幼稚園の入園説明会や面談を終え、持ち物や式用の服など、準備で入園ムードが高まってきた3月、
パパの心がざわつき始めた。
“たける”のように、繊細さや感受性の豊かさ鋭さ、敏感さを生まれ持つ気質の子のことを、HSC(Highly Sensitive Child)=人一倍敏感な子と言います。
HSCは一般に、集団に合わせることよりも、自分のペースで思案・行動することを好みます。これはその子の独自性が阻まれることを嫌がるほどの「強い個性」とも捉えられるのです。
また、HSCは些細な刺激を察知し、過剰に刺激を受けやすいせいもあって、家や慣れている人や場所では絶好調でも、新しい人や場所、人混みや騒がしい場所が極端に苦手なのです。
さらに他の子は問題なくできることを怖がったり、小さいことを気にしたりしがちですので、「内気」とか「引っ込み思案」とか「臆病」とか「神経質」などとネガティブな性格として捉えられ、「育てにくい子」として扱われてしまう傾向にあります。
これらはHSCの、微妙な刺激や変化を敏感に感知する繊細さ(先天的な気質)にあるのです。
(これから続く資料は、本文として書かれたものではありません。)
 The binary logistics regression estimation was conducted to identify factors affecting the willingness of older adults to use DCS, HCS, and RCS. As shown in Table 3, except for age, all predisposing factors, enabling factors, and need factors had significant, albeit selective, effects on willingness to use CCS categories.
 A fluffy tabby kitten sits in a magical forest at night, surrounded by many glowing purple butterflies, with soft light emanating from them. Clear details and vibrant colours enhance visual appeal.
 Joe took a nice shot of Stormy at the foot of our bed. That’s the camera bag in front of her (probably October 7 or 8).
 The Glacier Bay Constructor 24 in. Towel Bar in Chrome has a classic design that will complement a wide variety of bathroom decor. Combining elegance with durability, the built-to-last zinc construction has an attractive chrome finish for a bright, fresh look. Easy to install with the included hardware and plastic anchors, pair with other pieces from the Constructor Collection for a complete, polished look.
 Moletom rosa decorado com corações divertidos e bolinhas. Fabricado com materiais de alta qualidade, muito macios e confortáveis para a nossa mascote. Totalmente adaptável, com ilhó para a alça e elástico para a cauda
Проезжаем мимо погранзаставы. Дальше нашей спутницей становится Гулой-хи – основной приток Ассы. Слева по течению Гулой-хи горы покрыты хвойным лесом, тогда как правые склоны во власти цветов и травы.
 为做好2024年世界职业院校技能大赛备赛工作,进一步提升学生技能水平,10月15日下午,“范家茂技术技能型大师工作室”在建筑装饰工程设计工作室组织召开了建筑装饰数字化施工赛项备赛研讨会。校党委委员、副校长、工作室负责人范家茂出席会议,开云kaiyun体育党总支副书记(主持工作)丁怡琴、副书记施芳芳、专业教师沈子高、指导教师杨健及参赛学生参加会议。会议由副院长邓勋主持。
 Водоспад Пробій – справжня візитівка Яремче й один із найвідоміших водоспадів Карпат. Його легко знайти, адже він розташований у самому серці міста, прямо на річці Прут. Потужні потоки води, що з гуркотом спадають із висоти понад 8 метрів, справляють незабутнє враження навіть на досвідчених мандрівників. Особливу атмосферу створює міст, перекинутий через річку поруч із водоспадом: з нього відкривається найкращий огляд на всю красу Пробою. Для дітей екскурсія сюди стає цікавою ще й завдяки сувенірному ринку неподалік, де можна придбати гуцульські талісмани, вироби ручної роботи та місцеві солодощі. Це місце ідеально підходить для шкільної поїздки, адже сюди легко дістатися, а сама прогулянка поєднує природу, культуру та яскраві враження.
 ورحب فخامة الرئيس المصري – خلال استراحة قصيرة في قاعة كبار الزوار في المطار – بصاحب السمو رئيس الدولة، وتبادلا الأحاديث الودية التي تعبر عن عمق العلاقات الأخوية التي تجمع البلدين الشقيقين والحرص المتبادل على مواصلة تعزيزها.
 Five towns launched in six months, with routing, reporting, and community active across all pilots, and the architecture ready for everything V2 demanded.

5人に1人は、HSCに該当すると言われています。(*HSCはアメリカのエイレン・アーロン博士が提唱した概念です)
HSC・HSP(Highly Sensitive Person)の特徴
①刺激に対して敏感である。ちょっとした刺激でも感知してしまう。すぐにびっくりする。
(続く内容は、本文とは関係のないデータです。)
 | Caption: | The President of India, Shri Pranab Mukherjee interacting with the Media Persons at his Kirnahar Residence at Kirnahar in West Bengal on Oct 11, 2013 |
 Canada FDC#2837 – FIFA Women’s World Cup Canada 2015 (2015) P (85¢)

②過剰に刺激を受けやすく、それに圧倒され、人より早く疲労を感じてしまう。人の集まる場所や騒がしいところが苦手。誰かが怒鳴る声を耳にしたり、誰かが叱られているシーンを目にするだけでつらい。
③場の空気や人の気持ちを読み取る力『共感する能力』に秀でている。細かな配慮ができる。
④自分と他人との間を隔てる「境界」がとても薄く、他人の影響を受けやすい。他人のネガティブな気持ちや感情を受けやすい。
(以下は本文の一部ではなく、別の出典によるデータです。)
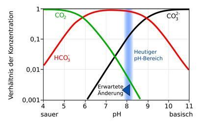Keywords: Karbonatsystem Meerwasser de.svg Benutzer Hardern nach einem Eintrag auf der Seite Grafikwünsche Als Vorlage dienten Abbildung auf http //www wbgu de/wbgu_sn2006 pdf Seite 68 und Abbildung auf http //www royalsoc ac uk/displaypagedoc asp id 13539 Seite 6 2007-05-01 BeAr Der Pfeil skizziert die erwartete Verschiebung des mittleren pH-Werts wenn die atmosphärische CO2-Konzentration etwa 750 ppm erreicht inkscape Translation possible Water diagrams Dissociation diagrams |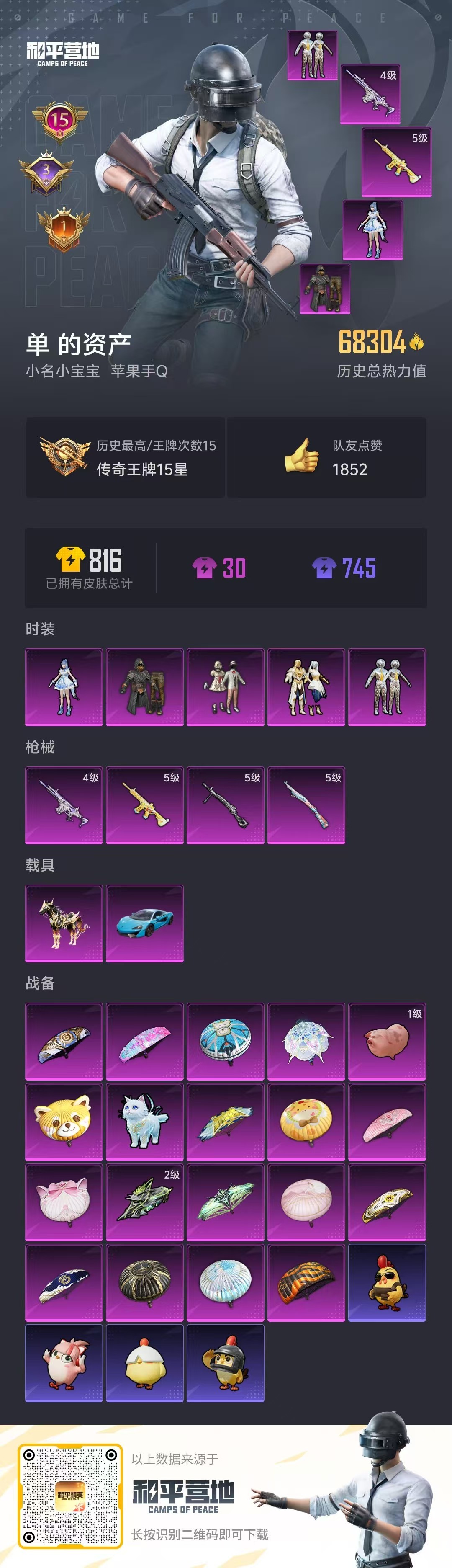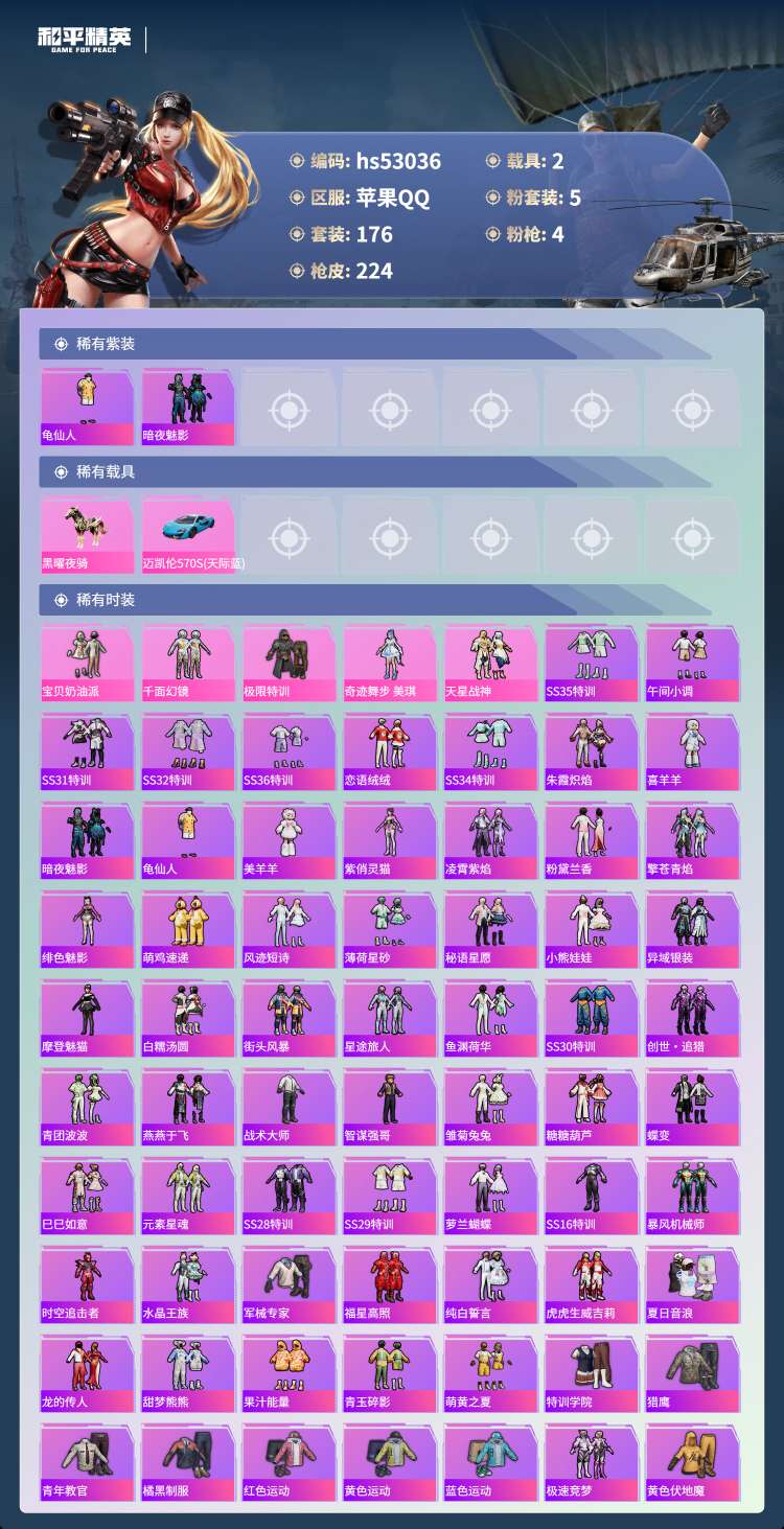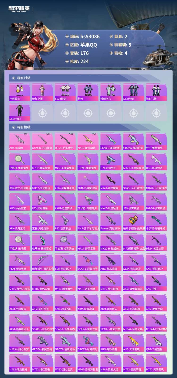 hs53036 苹果手Q-15王牌印记-5粉装-4特效枪-2载具-68304热力值-176套装-22

⑤直感力に優れている。漂っている空気や気配・雰囲気などで、素早くその意味や苦手な空間・人などを感じ取る。先のことまでわかってしまうことがある。物事の本質を見抜く力がある。物事を深く考える傾向にある。思慮深い。
⑥モラルを重視する。正義感が強い。
⑦自分のペースで思案・行動することを好む。自分のペースでできた方がうまくいく。
⑧静かに遊ぶことを好む。集団より一人や少人数を好む。1対1や少人数で話をするほうがラク。大人数の前や中では、力が発揮されにくい。
⑨自己肯定感が育ちにくい。外向性を重要視する学校や社会の中で、敏感な気質ゆえに求められることを苦手に感じることが多く、人と比較したり、うまく行かなかった場合に自信を失いやすい。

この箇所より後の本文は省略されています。